The Ledger
- Front page of the June 16, 2015, issue
- Type: Daily newspaper
- Format: Broadsheet
- Owner: USA Today Co.
- Editor: Leon Tucker
- Founded: August 22, 1924
- Headquarters: Lakeland, Florida
- Circulation: 16,835
- ISSN: 0163-0288
- OCLC number: 187953892
- Website: theledger.com

= The Ledger =

American newspaper in Florida, founded 1924

The Ledger is a daily newspaper serving Lakeland, Florida, and the Polk County area.

== History ==
The paper was founded on August 22, 1924, as the Lakeland Evening Ledger. In 1927, it bought its main competitor, the morning Lakeland Star-Telegram. By 1930, it was obvious that Lakeland could not support two papers, so Ledger Publishing Company merged the two papers into a single morning paper, the Lakeland Ledger and Star-Telegram. In 1941, Star-Telegram was dropped from the masthead, and in 1967 the name was shortened to simply The Ledger.

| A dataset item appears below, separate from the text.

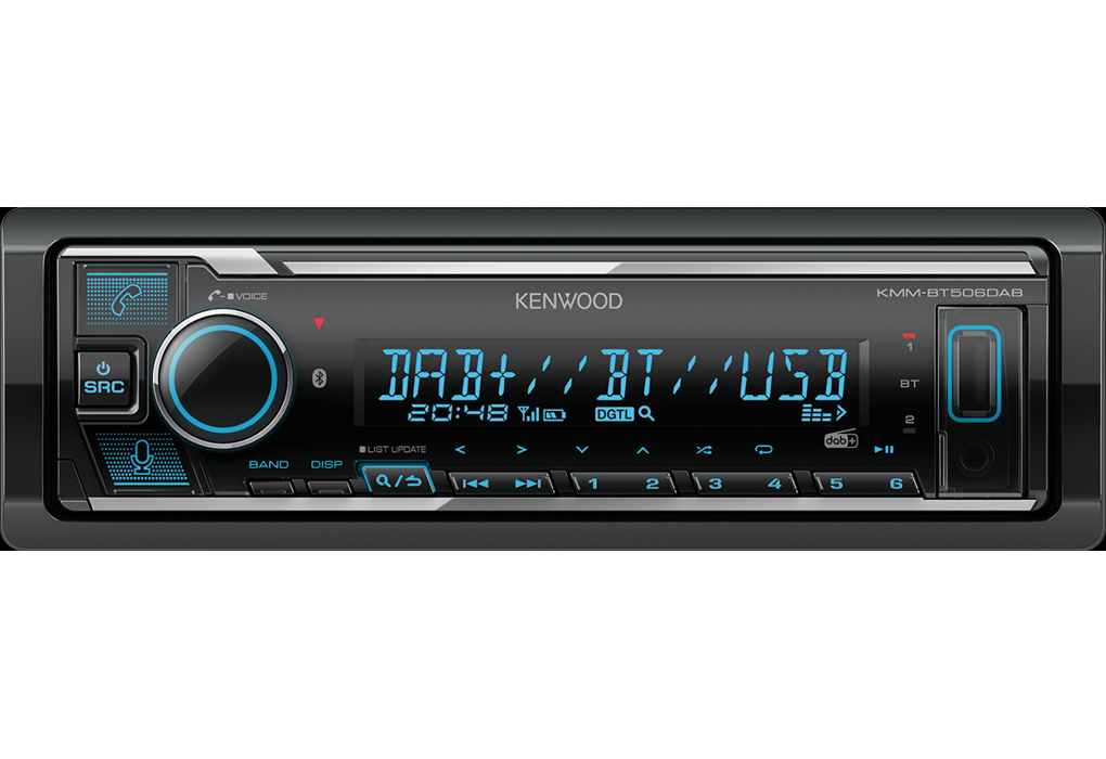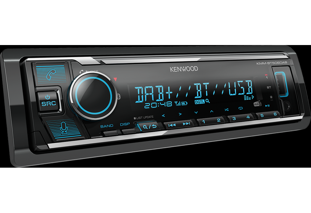 Bezmechanikové autorádio značky Kenwood KMM-BT506DAB s USB a s vestavěným DAB+, Bluetooth a přípravou pro Spotify a Amazon Alexa. Díky absenci CD mechaniky je autorádio kratší a jeho montáž o dost jednodušší.

The New York Times Company bought The Ledger in 1970 and owned it until 2012, when it sold its entire regional newspaper group to Halifax Media. In 2015, Halifax was acquired by New Media Investment Group.

Jerome Ferson became publisher of the newspaper on July 30, 2007. Kevin Drake became publisher of the newspaper on January 21, 2014. In October 2016, Drake left The Ledger to return to his hometown of Spartanburg, South Carolina, to work as a group publisher for GateHouse Media.

Brian Burns, former publisher of The Tampa Tribune, joined The Ledger as publisher on January 25, 2017. He departed the newspaper July 25, 2019.

Louis M. "Skip" Perez has been The Ledger's longest-serving chief news executive, holding the position of Executive Editor from 1981 to 2011.